::: Collected data :::

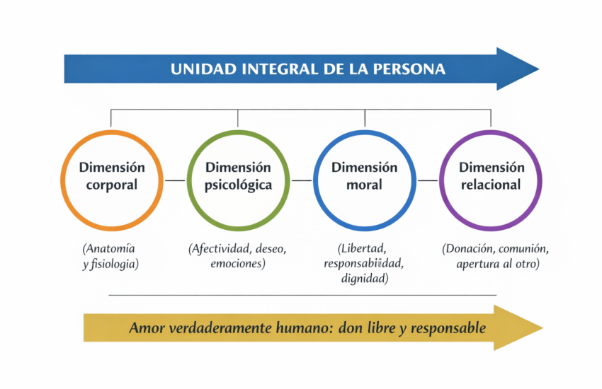 En este sentido, el Catecismo de la Iglesia católica (n. 2332) señala: “La sexualidad abraza todos los aspectos de la persona humana, en la unidad de su cuerpo y de su alma. Concierne particularmente a la afectividad, a la capacidad de amar y de procrear y, de manera más general, a la aptitud para establecer vínculos de comunión con otro.” Añade (n. 2333) que “la diferencia y la complementariedad físicas, morales y espirituales, están orientadas a los bienes del matrimonio y al desarrollo de la vida familiar. La armonía de la pareja humana y de la sociedad depende en parte de la manera en que son vividas entre los sexos la complementariedad, la necesidad y el apoyo mutuos.”
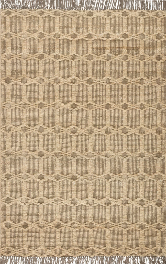 The Thierry area rug from the Westerly collection brings a relaxed, natural look to transitional spaces. The hand-loomed jute and cotton construction of this textured rug grounds spaces with an earthy taupe and tan lattice design. The cotton fringe lends a hint of global charm.
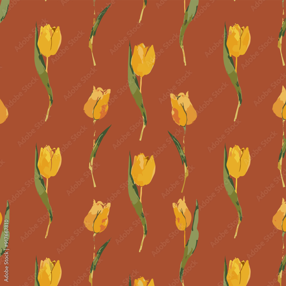 A seamless pattern of yellow tulips on a brown background pa Wallpaper
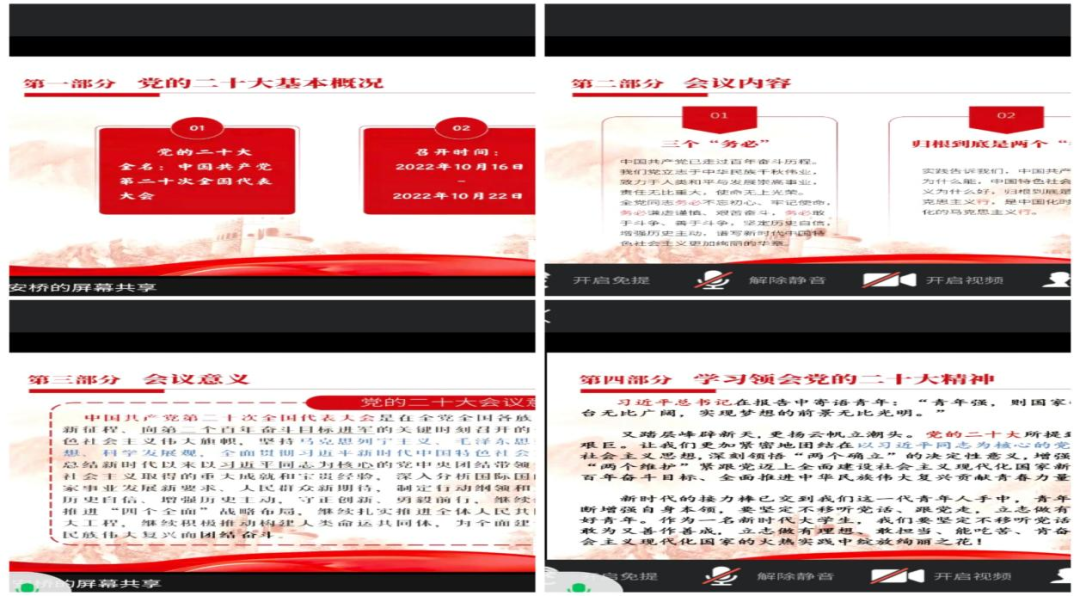 会上,闫宇萱同学带领同学们一起认真学习了党的二十大报告及相关文件精神,分别围绕三个“务必”,归根结底是“两个维护”,新时代新征程中国共产党的使命任务等主题深入学习,同学们就党的二十大精神学习心得体会进行了深入交流。

:::

▸ Problem description
Repeat each line above exactly. The pictures stay out.

▸ The answer
 En este sentido, el Catecismo de la Iglesia católica (n. 2332) señala: “La sexualidad abraza todos los aspectos de la persona humana, en la unidad de su cuerpo y de su alma. Concierne particularmente a la afectividad, a la capacidad de amar y de procrear y, de manera más general, a la aptitud para establecer vínculos de comunión con otro.” Añade (n. 2333) que “la diferencia y la complementariedad físicas, morales y espirituales, están orientadas a los bienes del matrimonio y al desarrollo de la vida familiar. La armonía de la pareja humana y de la sociedad depende en parte de la manera en que son vividas entre los sexos la complementariedad, la necesidad y el apoyo mutuos.”
 The Thierry area rug from the Westerly collection brings a relaxed, natural look to transitional spaces. The hand-loomed jute and cotton construction of this textured rug grounds spaces with an earthy taupe and tan lattice design. The cotton fringe lends a hint of global charm.
 A seamless pattern of yellow tulips on a brown background pa Wallpaper
 会上,闫宇萱同学带领同学们一起认真学习了党的二十大报告及相关文件精神,分别围绕三个“务必”,归根结底是“两个维护”,新时代新征程中国共产党的使命任务等主题深入学习,同学们就党的二十大精神学习心得体会进行了深入交流。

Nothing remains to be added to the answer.